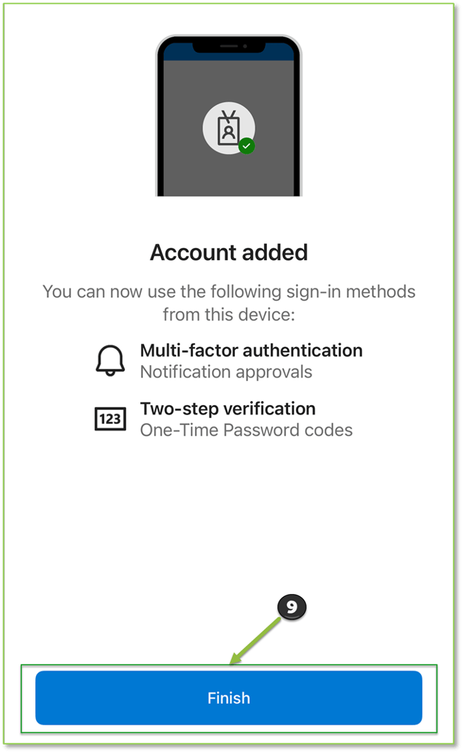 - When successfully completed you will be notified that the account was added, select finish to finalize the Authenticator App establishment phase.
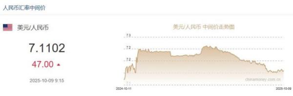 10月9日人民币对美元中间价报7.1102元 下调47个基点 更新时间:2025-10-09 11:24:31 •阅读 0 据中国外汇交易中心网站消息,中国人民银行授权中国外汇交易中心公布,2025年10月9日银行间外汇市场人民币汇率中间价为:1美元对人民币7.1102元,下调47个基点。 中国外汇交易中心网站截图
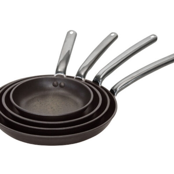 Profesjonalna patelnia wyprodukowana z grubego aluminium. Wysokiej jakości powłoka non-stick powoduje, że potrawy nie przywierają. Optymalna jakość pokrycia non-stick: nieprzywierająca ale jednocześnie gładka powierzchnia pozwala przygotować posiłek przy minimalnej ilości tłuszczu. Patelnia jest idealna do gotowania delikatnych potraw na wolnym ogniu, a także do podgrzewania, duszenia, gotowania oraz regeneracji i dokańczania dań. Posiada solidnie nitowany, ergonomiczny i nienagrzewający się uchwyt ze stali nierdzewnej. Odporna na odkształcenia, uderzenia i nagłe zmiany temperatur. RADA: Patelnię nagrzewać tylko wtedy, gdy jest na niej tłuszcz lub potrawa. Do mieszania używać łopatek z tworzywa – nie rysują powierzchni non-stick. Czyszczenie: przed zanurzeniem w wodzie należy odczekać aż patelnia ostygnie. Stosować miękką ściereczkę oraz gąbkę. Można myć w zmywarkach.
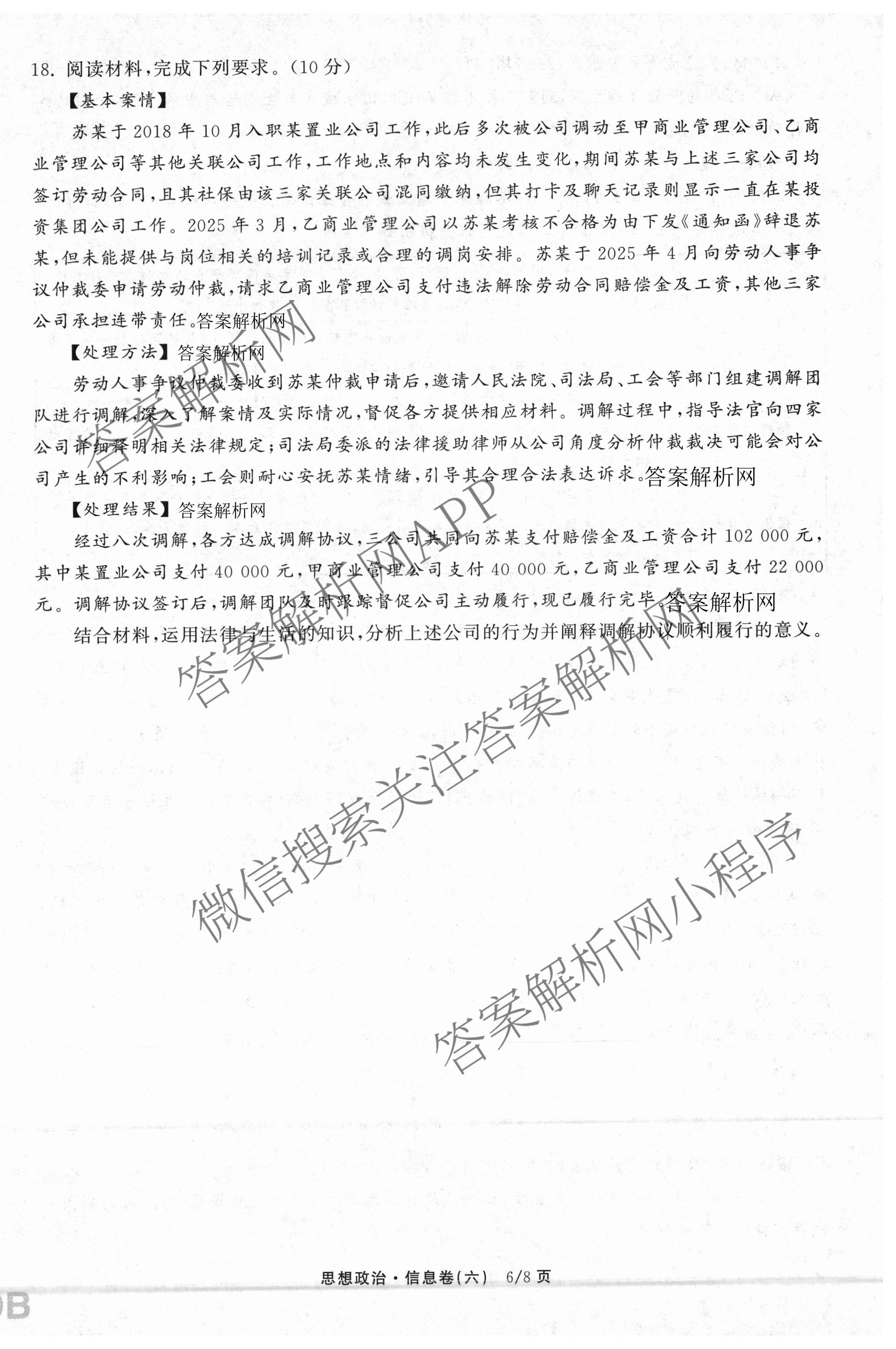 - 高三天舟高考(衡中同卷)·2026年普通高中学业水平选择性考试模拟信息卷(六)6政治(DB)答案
☆ ☆ ☆ ☆ ☆ ☆ ☆
Assignment
Without any of its images, the data above should be returned exactly.

Task response
 - When successfully completed you will be notified that the account was added, select finish to finalize the Authenticator App establishment phase.
 10月9日人民币对美元中间价报7.1102元 下调47个基点 更新时间:2025-10-09 11:24:31 •阅读 0 据中国外汇交易中心网站消息,中国人民银行授权中国外汇交易中心公布,2025年10月9日银行间外汇市场人民币汇率中间价为:1美元对人民币7.1102元,下调47个基点。 中国外汇交易中心网站截图
 Profesjonalna patelnia wyprodukowana z grubego aluminium. Wysokiej jakości powłoka non-stick powoduje, że potrawy nie przywierają. Optymalna jakość pokrycia non-stick: nieprzywierająca ale jednocześnie gładka powierzchnia pozwala przygotować posiłek przy minimalnej ilości tłuszczu. Patelnia jest idealna do gotowania delikatnych potraw na wolnym ogniu, a także do podgrzewania, duszenia, gotowania oraz regeneracji i dokańczania dań. Posiada solidnie nitowany, ergonomiczny i nienagrzewający się uchwyt ze stali nierdzewnej. Odporna na odkształcenia, uderzenia i nagłe zmiany temperatur. RADA: Patelnię nagrzewać tylko wtedy, gdy jest na niej tłuszcz lub potrawa. Do mieszania używać łopatek z tworzywa – nie rysują powierzchni non-stick. Czyszczenie: przed zanurzeniem w wodzie należy odczekać aż patelnia ostygnie. Stosować miękką ściereczkę oraz gąbkę. Można myć w zmywarkach.
 - 高三天舟高考(衡中同卷)·2026年普通高中学业水平选择性考试模拟信息卷(六)6政治(DB)答案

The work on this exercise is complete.